Question

The cell reaction of a cell is given below: \[ 2 \, \text{Cu}^{+} \rightarrow \text{Cu} + \text{Cu}^{2+} \]

What is \( E^0_{\text{cell}} \) (in V)?

Given: \( E^0_{\text{Cu}^{2+}/\text{Cu}^{+}} = x \) V; \quad \( E^0_{\text{Cu}^{+}/\text{Cu}} = y \) V

• A. \( x - y \)
• B. \( y - x \)
• C. \( x + y \)
• D. \( -x - y \)

Hint:

The cell potential is calculated as the difference between the reduction potentials of the cathode and the anode.

Answer 1

The Correct Option is B

We are tasked with finding the standard cell potential \(E^0_{\text{cell}}\) for the given cell reaction:

\[ 2 \, \text{Cu}^{+} \rightarrow \text{Cu} + \text{Cu}^{2+} \]

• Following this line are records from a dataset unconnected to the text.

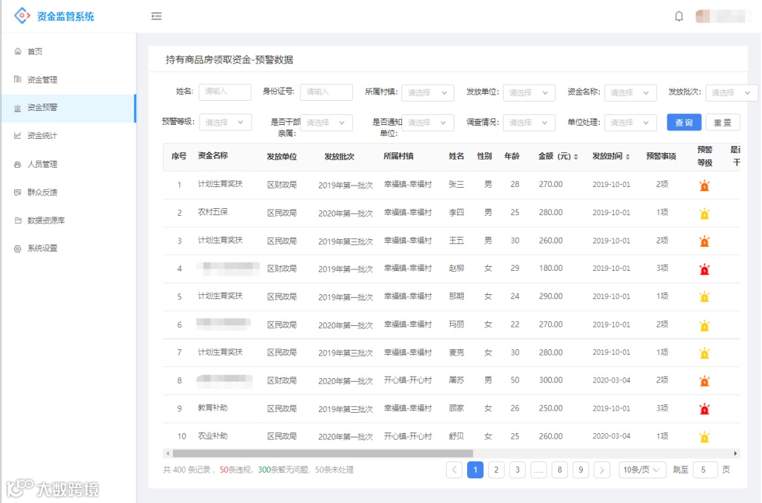 下面将着重介绍智能预警功能在民生资金监管领域的独特体现:
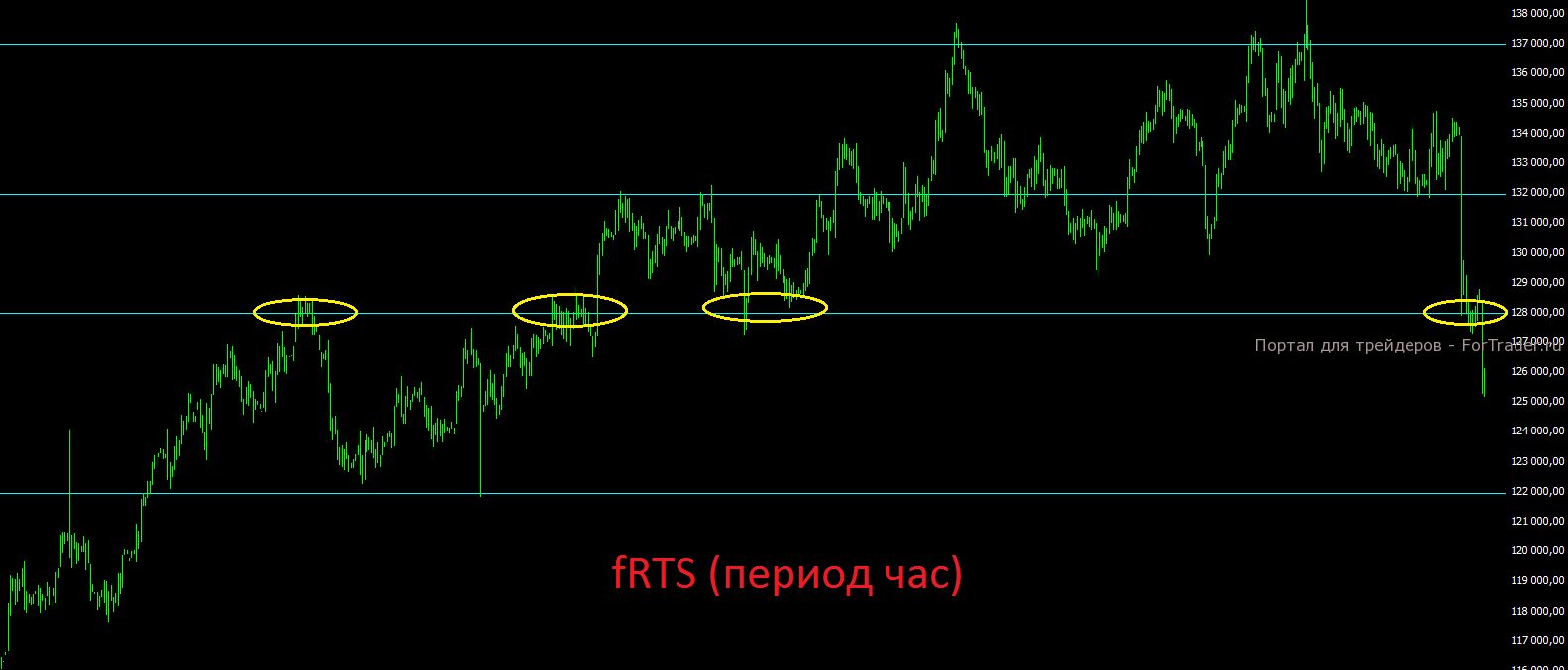 И в заключение локальная ситуация по фьючерсу на индекс РТС. Ещё на прошлой неделе я писал, что как только будет пробита отметка 128000 пунктов, так сразу можно будет смело утверждать об окончательном развороте и готовиться к более сильной коррекции. В четверг, в рамках вечерней сессии, данный рубеж был пробит, и если в пятницу цене не удастся закрепиться над ним, то нужно будет готовиться к дальнейшей коррекции в ближайшие недели. Ближайшая поддержка сейчас находится на отметке 122000 пунктов.
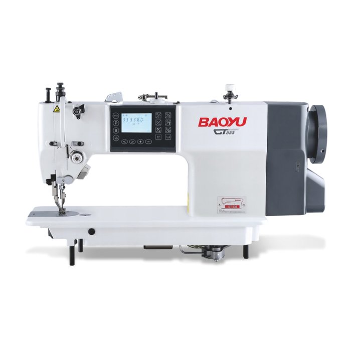 Baoyu GT-333-D4 é uma máquina de costura industrial ininterrupta especialmente projetada para processar couro e materiais pesados. Este modelo de máquina de costura é utilizado para confecção de diversos produtos como equipamentos táticos, bolsas, carteiras, lonas, showrooms de automóveis e bordas de tapetes de EVA. Sistema de agulha – DPx35/134x35. A velocidade de funcionamento ajustável permite adaptá-lo a diferentes tarefas, com velocidade mínima de 300 rpm e máxima de 2500 rpm.
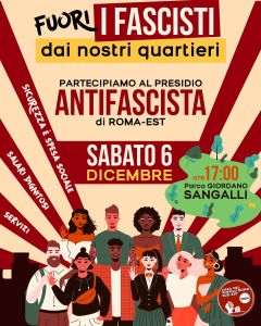 Per questo sabato 6 dicembre alle 17 saremo in strada a Torpignattara (Parco Sangalli) con le altre realtà anti-fasciste del territorio per presidiare il quartiere da chi pensa di risolvere i problemi con la forza.

The given standard reduction potentials are:

\[ E^0_{\text{Cu}^{2+}/\text{Cu}^{+}} = x \, \text{V}, \quad E^0_{\text{Cu}^{+}/\text{Cu}} = y \, \text{V} \] Step 1: Identify the half-reactions

The given cell reaction can be split into two half-reactions:

1. Oxidation half-reaction:

\[ \text{Cu}^{+} \rightarrow \text{Cu}^{2+} + e^- \]

The standard oxidation potential for this reaction is:

\[ -E^0_{\text{Cu}^{2+}/\text{Cu}^{+}} = -x \, \text{V} \]

2. Reduction half-reaction:

\[ \text{Cu}^{+} + e^- \rightarrow \text{Cu} \]

The standard reduction potential for this reaction is:

\[ E^0_{\text{Cu}^{+}/\text{Cu}} = y \, \text{V} \] Step 2: Calculate the standard cell potential

The standard cell potential \(E^0_{\text{cell}}\) is given by the sum of the standard oxidation potential and the standard reduction potential:

\[ E^0_{\text{cell}} = E^0_{\text{oxidation}} + E^0_{\text{reduction}} \]

Substituting the values:

\[ E^0_{\text{cell}} = (-x) + y = y - x \] Step 3: Match with the options

The standard cell potential \(E^0_{\text{cell}} = y - x\) matches option (2).

Final Answer: \[ \boxed{2} \]